Pour lui, cela pose la question du « retard » de réactivité du marché du travail sur la croissance, « beaucoup plus marqué en France que dans les autres pays de la zone euro« .

– Hausse de la population active –

Une étude partagée devant la presse mardi par le président du Medef Geoffroy Roux de Bézieux. « Quand la croissance repart dans tous les pays autour de nous, le mouvement (à la baisse du chômage) est plus fort« , a-t-il observé, s’inquiétant « qu’on commence à dire qu’au fond le chômage structurel est à 9%« .

Le responsable patronal met en avant « l’inadaptation de nos compétences par rapport à la demande des entreprises« , comme le gouvernement, qui veut entreprendre un effort massif de formation pour les chômeurs de longue durée et les jeunes non qualifiés.

Interrogé sur le chômage qui ne reflue pas, la ministre du Travail Muriel Pénicaud a expliqué que le gouvernement ne pouvait « pas régler 30 ans de chômage de masse en un an seulement » et a mis en avant les employeurs qui ne « trouvent pas les personnes correspondant à leurs besoins« .

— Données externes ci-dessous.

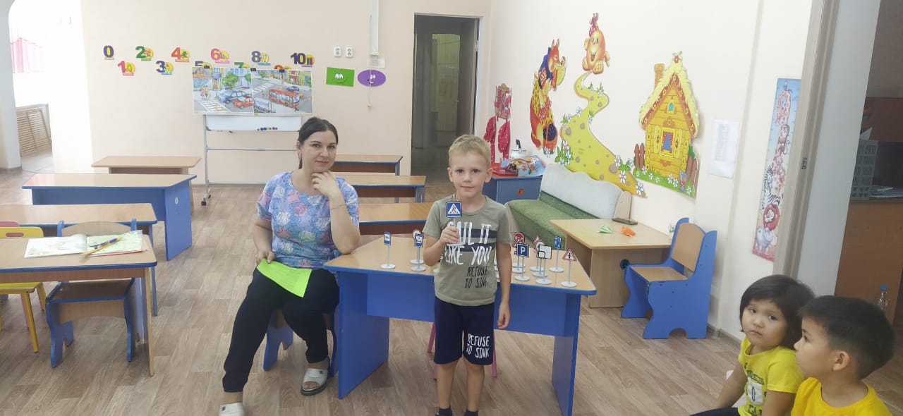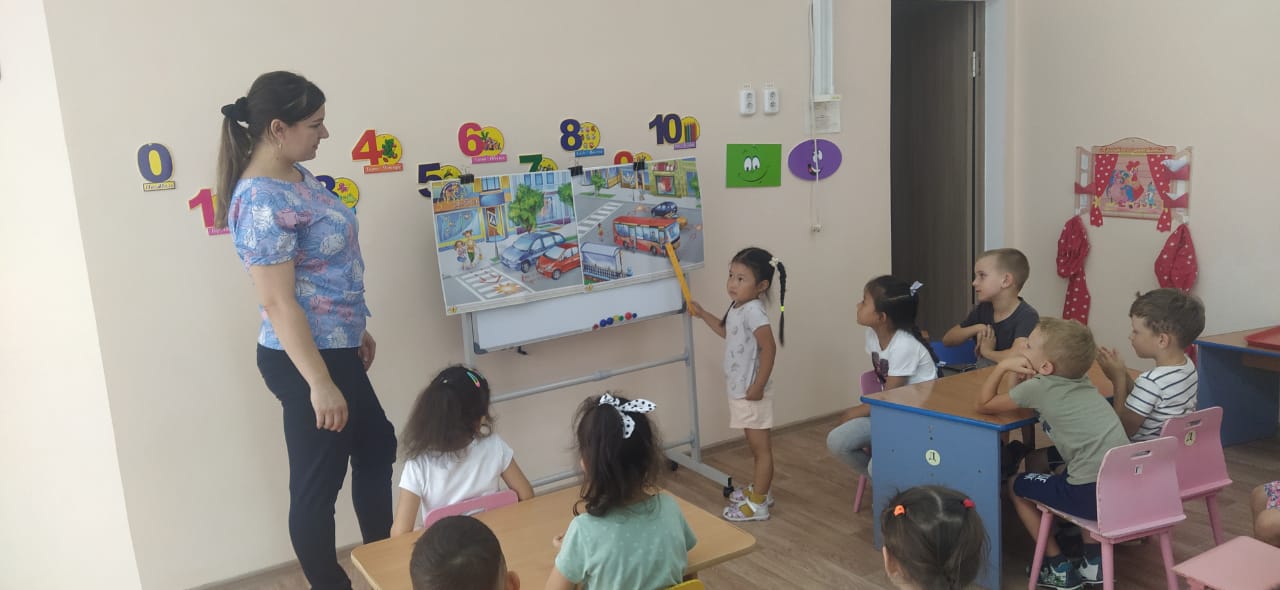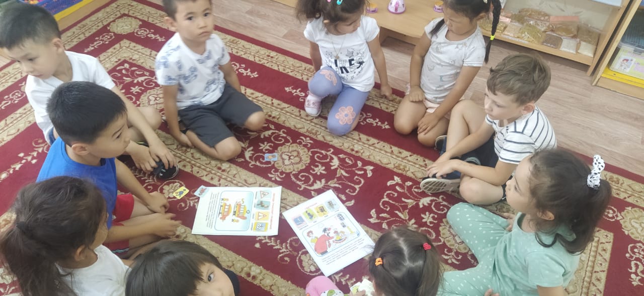 - Старшая группа «Жидек» с государственным языком обучения работает над реализацией Проекта по ранней профориентации детей по теме: «Юные помощники инспектора дорожного движения»;

Mais pour Eric Heyer, directeur du département analyse et prévision de l’OFCE, les chiffres de mardi ne viennent pas confirmer ces difficultés de recrutement des entreprises.

« 0,2% de créations d’emploi quand on a 0,4% de croissance, ça veut dire 0,2% de productivité, c’est un chiffre tout à fait stable, sans surprise. Il n’y a pas de hausse de la productivité, le marché du travail fonctionne normalement« , juge-t-il.

« Les difficultés de recrutement ne se voient pas dans le rythme de créations d’emploi, ni dans les progressions de salaires qui restent modérées« , analyse-t-il.

L’indice du salaire mensuel de base, également publié mardi, a augmenté de 0,3% au 3e trimestre et de 1,5% sur un an, un chiffre à mettre en regard avec les 1,9% de hausse des prix.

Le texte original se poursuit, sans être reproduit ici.